Hox gene

Hox genes, a subset of homeobox genes, are a group of related genes that specify regions of the body plan of an embryo along the head-tail axis of animals. Hox proteins encode and specify the characteristics of 'position', ensuring that the correct structures form in the correct places of the body. For example, Hox genes in insects specify which appendages form on a segment (for example, legs, antennae, and wings in fruit flies), and Hox genes in vertebrates specify the types and shape of vertebrae that will form. In segmented animals, Hox proteins thus confer segmental or positional identity, but do not form the actual segments themselves.

Studies on Hox genes in ciliated larvae have shown they are only expressed in future adult tissues. In larvae with gradual metamorphosis the Hox genes are activated in tissues of the larval body, generally in the trunk region, that will be maintained through metamorphosis. In larvae with complete metamorphosis the Hox genes are mainly expressed in juvenile rudiments and are absent in the transient larval tissues. The larvae of the hemichordate species Schizocardium californicum and the pilidium larva of Nemertea do not express Hox genes.^[1]^[2]

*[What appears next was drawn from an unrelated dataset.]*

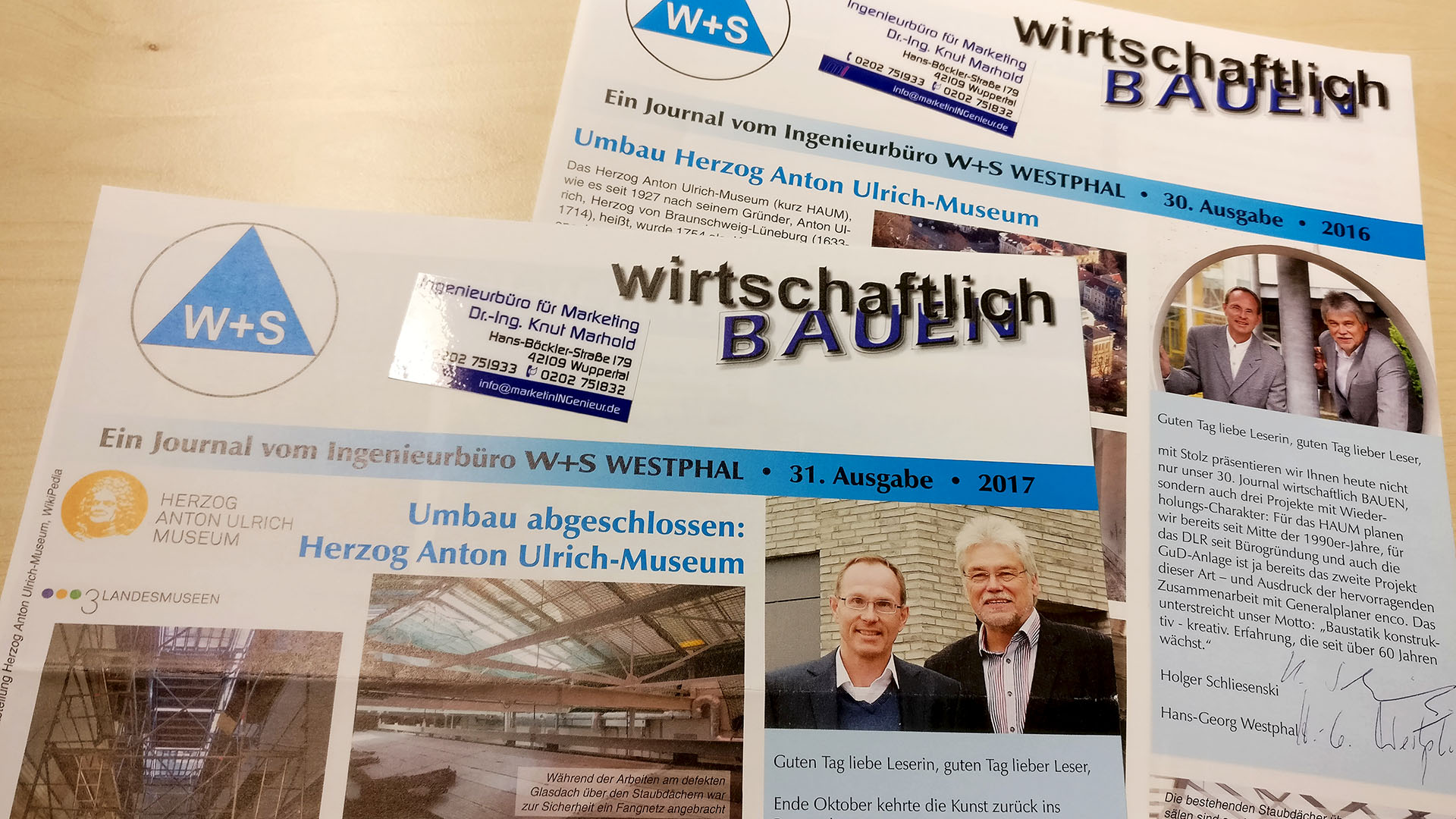"Unsere Kundenzeitung, die von Dr. Marhold 1997 konzipiert wurde und seitdem regelmäßig von ihm erstellt wird, ist ein sehr wichtiges Darstellungsmittel und verringert unseren persönlichen Akquise-Aufwand. Sie beugt Auftragslücken vor. Seit wir die Kundenzeitung herausgeben, hatten wir nur ein Mal ein kleineres Auftragsloch - nachdem wir einen Großauftrag abgewickelt hatten, der die gesamte Mannschaft extrem gefordert hatte!"

An analogy for the Hox genes can be made to the role of a play director who calls which scene the actors should carry out next. If the play director calls the scenes in the wrong order, the overall play will be presented in the wrong order. Similarly, mutations in the Hox genes can result in body parts and limbs in the wrong place along the body. Like a play director, the Hox genes do not act in the play or participate in limb formation themselves.

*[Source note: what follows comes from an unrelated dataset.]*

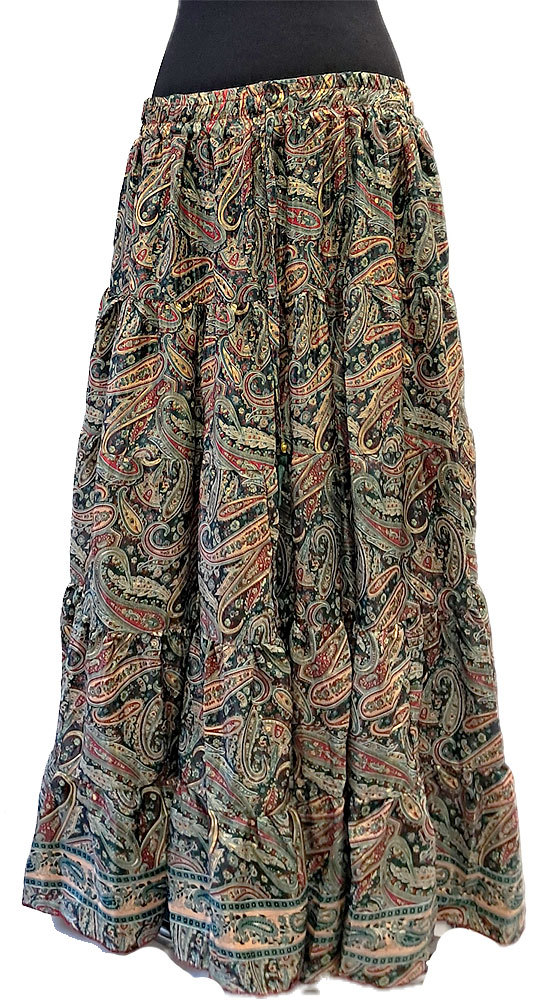 Hedvábně jemná dlouhá letní sukně z Indie lahvová se zlatem suk5948

The protein product of each Hox gene is a transcription factor. Each Hox gene contains a well-conserved DNA sequence known as the homeobox, of which the term "Hox" was originally a contraction. However, in current usage the term Hox is no longer equivalent to homeobox, because Hox genes are not the only genes to possess a homeobox sequence; for instance, humans have over 200 homeobox genes, of which 39 are Hox genes.^[3]^[4] Hox genes are thus a subset of the homeobox transcription factor genes. In many animals, the organization of the Hox genes in the chromosome is the same as the order of their expression along the anterior-posterior axis of the developing animal, and are thus said to display colinearity.^[5]^[6] Production of Hox gene products at wrong location in the body is associated with metaplasia and predisposes to oncological disease, e.g. Barrett's esophagus is the result of altered Hox coding and is a precursor to esophageal cancer.^[7]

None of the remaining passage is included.